DNS traffic
===========

The number of DNS queries observed for a name over a time period can
be retrieved.

This is especially useful to see if a domain is popular, and to spot
anomalies in its traffic.

Getting the number of queries observed for a name
-------------------------------------------------

The ``daily_traffic_by_name`` method returns a vector with the number
of queries observed for each day, within a time period.

By default, the time period starts 7 days before the current day, and
ends at the current day, a day starting at 00:00 UTC.

.. code-block:: ruby

    db.daily_traffic_by_name('www.github.com')

The output is a ``Result::TimeSeries`` object:

::

    [
        [0] 6152525,
        [1] 4756714,
        [2] 4670300,
        [3] 5954983,
        [4] 6140915,
        [5] 6040669,
        [6] 5529869
    ]
    
This method accepts several options:

- ``start``: a ``Date`` object representing the lower bound of the time interval
- ``end``: a ``Date`` object representing the higher bound of the time interval
- ``days_back``: if ``start`` is not provided, this represents the number of days to go back in time.

Here are some examples featuring these options:

.. code-block:: ruby

    db.daily_traffic_by_name('www.github.com', end: Date.today - 2, days_back: 10)
    
    db.daily_traffic_by_name('www.github.com', start: Date.today - 10)

The traffic for multiple domains can be looked up, provided that a
vector is given instead of a single name.

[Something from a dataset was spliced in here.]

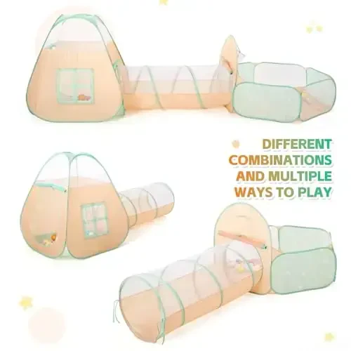 3 in 1 Pop Up Kids Play Tent - bu kichik sarguzashtchilar uchun mo'ljallangan, qiziqarli o'yin maydonidir. Ushbu to'plam o'yin chodiri, tunnel va to'p havzasini birlashtirib, bolalarning tasavvurini rivojlantirishga va jismoniy faoliyatini qo'llab-quvvatlashga imkon beradi. 1, 2 va 3 yoshli o'g'il va qiz bolalar uchun ajoyib tug'ilgan kun sovg'asi bo'lgan ushbu o'yin to'plami ham ichki, ham tashqi makonda foydalanish uchun javob beradi. Bolalar ushbu rangli va interaktiv o'yin maydonida soatlab zavqlanishlari, do'stlari bilan birga maroqli vaqt o'tkazishlari mumkin. To'rli derazalar tufayli shamollatish ta'minlanadi, ota-onalar esa bolalarini osongina kuzatib turishlari mumkin. Kvadrat chodir va uzun tunneldagi kichik teshiklar o'yin imkoniyatlarini oshiradi va bolalarning qiziqishini rag'batlantiradi. Ushbu to'plam nafaqat bolalar uchun, balki kichik itlar va yoqimli mushuklar uchun ham ajoyib o'yin maydonini taqdim etadi. Uni uyda, parkda yoki piknikda ishlating, ushbu o'yin to'plami bolalar va uy hayvonlaringizni xursand qiladi. Bardoshli materiallardan tayyorlangan, uni osongina tozalash va uzoq muddat foydalanish mumkin. Yig'iladigan xususiyati tufayli uni tashish va saqlash juda qulaydir. Bolalaringizning xavfsizligi birinchi o'ringa qo'yilgan ushbu o'yin to'plami ularga unutilmas o'yin tajribasini taqdim etadi. Ularning tasavvur olamini boyitadi, ijtimoiy munosabatlariga hissa qo'shadi va jismoniy rivojlanishini qo'llab-quvvatlaydi. Ushbu 3'ü 1 arada o'yin to'plami bilan bolalaringizga ham qiziqarli, ham ta'limiy sovg'a bergan bo'lasiz. Ularning baxti siz uchun eng qimmatli narsa bo'lsa, bu o'yin to'plami aynan siz uchun!

In that case, the output is
a ``Result::HashByName`` object.

.. code-block:: ruby

    db.daily_traffic_by_name(['www.github.com', 'www.github.io'])

For example, the following snippet compares the median number of
queries for a set of domains:

.. code-block:: ruby

    ts = db.daily_traffic_by_name(['www.github.com', 'www.github.io'])
    ts.merge(ts) { |name, ts| ts.median.to_i }
    
::

    {
        "www.github.com" => 5954983,
         "www.github.io" => 528002
    }

Anomaly detection in traffic
----------------------------

A benign web site tends to have a comparable traffic every day. Sudden
spikes or drop of traffic usually indicate a major event (incident,
unusual volume of sent email), or some suspicious activity.

Domain names used as C&C typically receive very little traffic, and
suddenly get a spike of traffic for a short period of time. The same
can be observed with compromised hosts acting as intermediaries.

After having retrieved the traffic for a name, computing the relative
standard deviation is a simple and efficient way to detect anomalies.

To do so, the library includes the ``descriptive_statistics`` module
and implements a ``relative_standard_deviation`` method. This method
can work on the time series of a single domain, as well as on a set
of multiple time series.

.. code-block:: ruby

    ts = d.daily_traffic_by_name(['skyrock.com', 'github.com', 'ooctmxmgwigqt.info'])
    ap d.relative_standard_deviation(ts)

This outputs either a ``Response::TimeSeries`` or a ``Response::HashByName`` object:

::

    {
               "skyrock.com" => 2.4300100908269657,
                "github.com" => 10.628632305278618,
        "ooctmxmgwigqt.info" => 244.18566965045403
    }

In this example, we can clearly spot a domain name whose traffic
doesn't follow what we usually observe for a benign domain.

High-pass filter
----------------

Domains receiving little traffic are frequently receiving more noise
(bots, internal traffic) than queries sent by actual users.

A simple high pass filter sets to 0 all entries of a time series below
a cutoff value. This is provided by the ``high_pass_filter`` method:

.. code-block:: ruby

    ts = d.high_pass_filter(ts, cutoff: 5.0)

This method works on the time series of a single domain, as well as on
a set of multiple time series. The result is either a
`Response::TimeSeries` or a `Response::HashByName` object.